Records shown
+===+
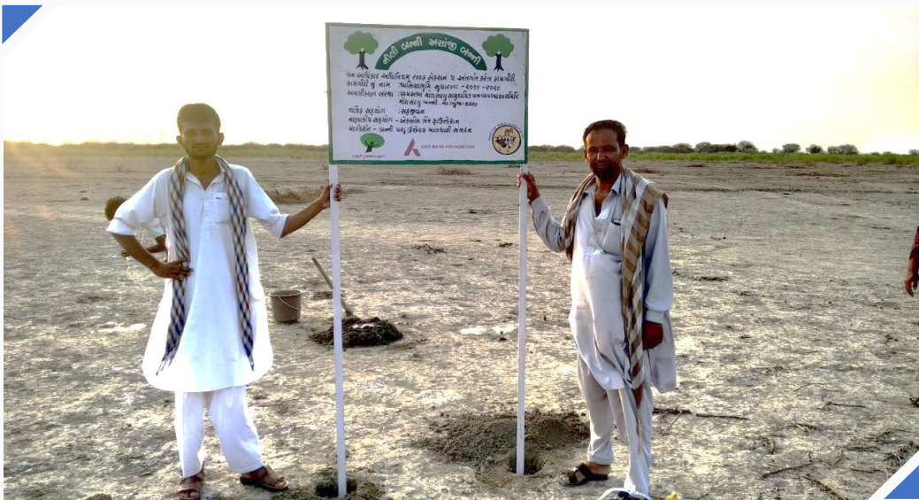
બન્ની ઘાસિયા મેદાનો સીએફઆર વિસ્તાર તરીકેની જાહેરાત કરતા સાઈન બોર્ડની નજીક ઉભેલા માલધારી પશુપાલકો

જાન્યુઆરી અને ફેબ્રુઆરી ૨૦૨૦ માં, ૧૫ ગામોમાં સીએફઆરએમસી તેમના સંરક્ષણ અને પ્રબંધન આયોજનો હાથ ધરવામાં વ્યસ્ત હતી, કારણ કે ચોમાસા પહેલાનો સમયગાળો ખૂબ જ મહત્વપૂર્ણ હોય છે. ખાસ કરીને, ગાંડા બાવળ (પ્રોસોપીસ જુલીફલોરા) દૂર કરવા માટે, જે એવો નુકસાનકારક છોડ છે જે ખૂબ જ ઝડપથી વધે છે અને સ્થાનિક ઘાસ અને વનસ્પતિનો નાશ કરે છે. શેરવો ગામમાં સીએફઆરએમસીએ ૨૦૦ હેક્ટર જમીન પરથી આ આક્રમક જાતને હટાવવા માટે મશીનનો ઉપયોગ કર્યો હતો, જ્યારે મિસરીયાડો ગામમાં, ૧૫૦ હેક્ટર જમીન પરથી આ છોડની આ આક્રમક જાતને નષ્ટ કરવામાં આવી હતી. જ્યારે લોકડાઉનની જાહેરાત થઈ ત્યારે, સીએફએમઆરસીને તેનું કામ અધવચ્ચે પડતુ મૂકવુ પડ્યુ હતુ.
+===+
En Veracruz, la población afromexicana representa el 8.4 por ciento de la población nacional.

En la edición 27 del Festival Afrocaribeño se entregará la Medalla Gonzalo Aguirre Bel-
+===+
Would you please write out, exactly and with no other lines, the stretch of the listing above from the line containing "બન્ની ઘાસિયા મેદાનો" through the line containing "જાન્યુઆરી અને ફેબ્રુઆરી"?

Reply
બન્ની ઘાસિયા મેદાનો સીએફઆર વિસ્તાર તરીકેની જાહેરાત કરતા સાઈન બોર્ડની નજીક ઉભેલા માલધારી પશુપાલકો

જાન્યુઆરી અને ફેબ્રુઆરી ૨૦૨૦ માં, ૧૫ ગામોમાં સીએફઆરએમસી તેમના સંરક્ષણ અને પ્રબંધન આયોજનો હાથ ધરવામાં વ્યસ્ત હતી, કારણ કે ચોમાસા પહેલાનો સમયગાળો ખૂબ જ મહત્વપૂર્ણ હોય છે. ખાસ કરીને, ગાંડા બાવળ (પ્રોસોપીસ જુલીફલોરા) દૂર કરવા માટે, જે એવો નુકસાનકારક છોડ છે જે ખૂબ જ ઝડપથી વધે છે અને સ્થાનિક ઘાસ અને વનસ્પતિનો નાશ કરે છે. શેરવો ગામમાં સીએફઆરએમસીએ ૨૦૦ હેક્ટર જમીન પરથી આ આક્રમક જાતને હટાવવા માટે મશીનનો ઉપયોગ કર્યો હતો, જ્યારે મિસરીયાડો ગામમાં, ૧૫૦ હેક્ટર જમીન પરથી આ છોડની આ આક્રમક જાતને નષ્ટ કરવામાં આવી હતી. જ્યારે લોકડાઉનની જાહેરાત થઈ ત્યારે, સીએફએમઆરસીને તેનું કામ અધવચ્ચે પડતુ મૂકવુ પડ્યુ હતુ.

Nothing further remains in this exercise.